Corpi in movimento, corpi statici, corpi rigidi dentro le proprie armature.
L’armatura è una rappresentazione simbolica di una struttura muscolare contratta del corpo che, secondo la Bioenergetica, si traduce in energia bloccata che produce tensione, dolore o intorpidimento del corpo.
Questa armatura si sviluppa da bambini durante gli anni della crescita e diventa la forza trainante che forma la personalità: l’intera personalità di un individuo può essere compresa osservandone la postura. Il modo di parlare, camminare o muoversi nello spazio sono tutte manifestazioni di ciò che viene definita “struttura caratteriale”.
In un corpo sano c’è un movimento costante di energia: gli impulsi e le sensazioni nel corpo creano espansione e contrazione, ovvero la pulsazione energetica che definisce la nostra forza e la nostra vitalità di esseri umani.
Quando il pulsare naturale di carica, tensione, scarica e rilassamento è interrotto o limitato in qualche modo, c’è una forte riduzione della naturale vitalità e aumenta la possibilità di ammalarsi. La quantità di energia che un individuo ha a disposizione e il modo in cui la usa, è importante per comprenderne la personalità, il carattere e la salute.
L’armatura inibisce la capacità di esprimersi liberamente sia attraverso il corpo che verbalmente, riduce la capacità di provare sentimenti profondi e piacere sessuale.
La terapia bioenergetica utilizza tecniche corporee per aprire le aree del corpo interessate dal blocco, liberare l’energia e far tornare il corpo al suo stato di pulsazione naturale di carica, tensione, scarica e rilassamento. La terapia è un viaggio alla scoperta di sé stessi.
Il viaggio alla scoperta di sé non è mai concluso e non c’è terra promessa dove alla fine approdare.
La nostra prima natura non smetterà di eluderci, anche se continuiamo ad avvicinarla sempre di più. Uno dei motivi di questo paradosso è che viviamo in una società altamente tecnologica e complessa, che sempre più rapidamente ci allontana da quello stato di vita che rappresenta la nostra matrice originaria, condizioni che ci impongono costantemente uno stato di tensione.
La terapia ci riporta indietro in un passato dimenticato: ma questo passato non era un periodo tranquillo e sicuro, altrimenti non ne saremmo emersi pieni di cicatrici delle battaglie trascorse e chiusi nella corazza dell’autodifesa.
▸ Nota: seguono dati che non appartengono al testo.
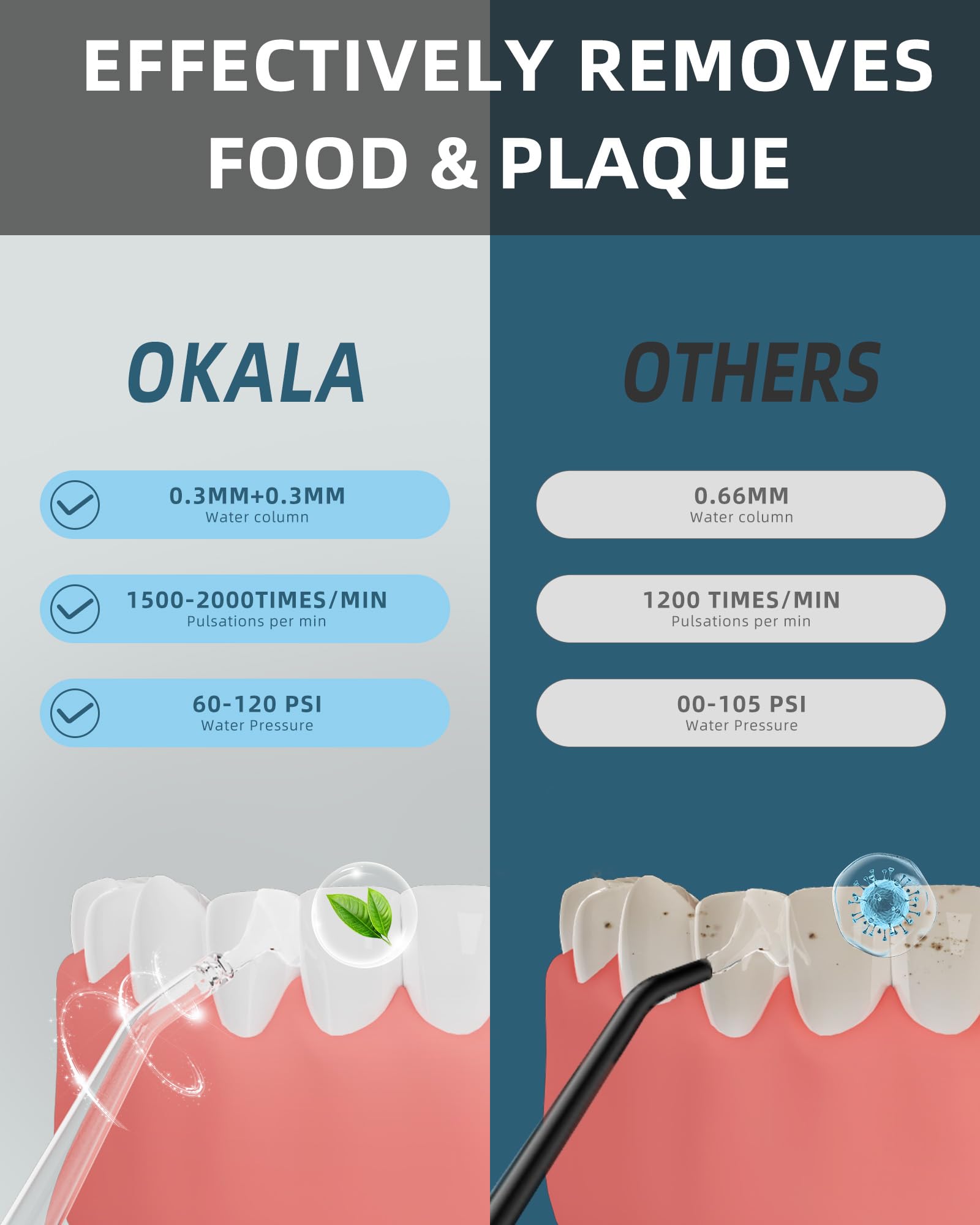 - 【Powerful Water Teeth Cleaner for a Refreshing Clean】OKALA water dental flosser pick features a high-performance motor generating 1500-2000 times/min, delivering a thorough water stream to help clean hard-to-reach areas and gently stimulate your gums. This portable water flosser is designed to support your daily oral care routine, leaving your mouth feeling fresh and clean.

Non è un viaggio che consiglio di fare da soli, anche se sono convinta che alcuni coraggiosi ne abbiano percorso le tappe senza nessun aiuto.
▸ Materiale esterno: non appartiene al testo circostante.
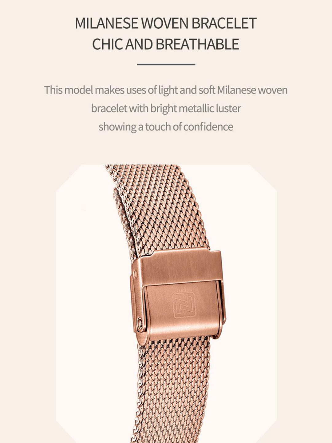 ترکیب بدنه و بند استیل رنگ ثابت ضدحساسیت با شیشه معدنی مقاوم، حس کیفیت بالا، دوام و راحتی را در کنار استایلی ظریف و درخشان به شما هدیه میکند.
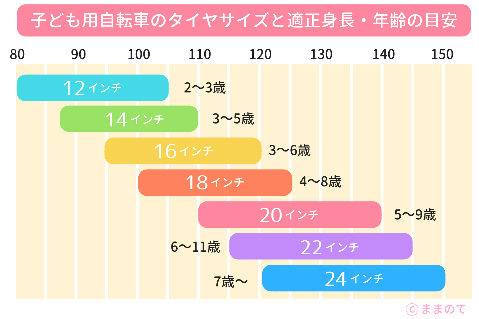 子ども用自転車のサイズと身長・年齢の目安
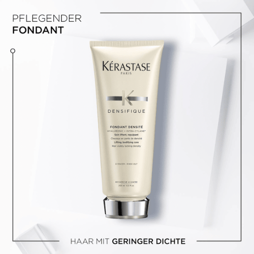 Der Kérastase Densifique Fondant Densité ist ein aufbauender Conditioner, der feinem oder kraftlosem Haar sofort mehr Dichte, Volumen und Stärke verleiht. Mit Hyaluronsäure, Stemoxydine und Gluco-Peptiden stärkt er die Haarfaser, spendet Feuchtigkeit und sorgt für geschmeidiges, volleres Haar mit mehr Fülle. Ideal für feines, plattes oder dünner werdendes Haar.
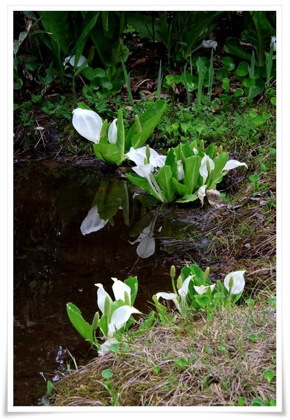 池塘の脇に ​ミズバショウ​ が有ると、水面に映り込んで見えて素敵です

Il terapista funge da guida o da navigatore.
Ha imparato a riconoscere i pericoli e sa come affrontarli; è anche un amico che, quando la strada si fa difficile, offrirà sostegno e farà coraggio.
Dall’altro lato potresti domandarti, allora, che cosa ci guadagno sottoponendomi alla terapia se la tensione non scompare totalmente e se il viaggio in realtà non finisce mai. Per fortuna, chi entra in terapia in genere non è alla ricerca del Nirvana o del giardino dell’Eden. È una persona che vuole migliorare la propria salute, i propri stati d’animo, le proprie risposte alla quotidianità, talvolta disturbata o disperata, che ha bisogno di aiuto per proseguire il viaggio attraverso la vita. Un cammino che può aiutarla accrescendo la consapevolezza di sé, atta a promuovere l’autoespressione e a migliorare la padronanza di sé stessa.
Entrare in contatto col corpo non basta: bisogna anche mantenere questo contatto, e questo significa assumersi un impegno nei confronti della vita del corpo. Questo impegno non esclude la mente, ma esclude l’impegno verso un intelletto dissociato, verso una mente non attenta al corpo. L’impegno nei confronti della vita del corpo è l’unica garanzia che il viaggio abbia successo e si concluda con la scoperta di sé stessi e una vita aperta ad esperienze appaganti.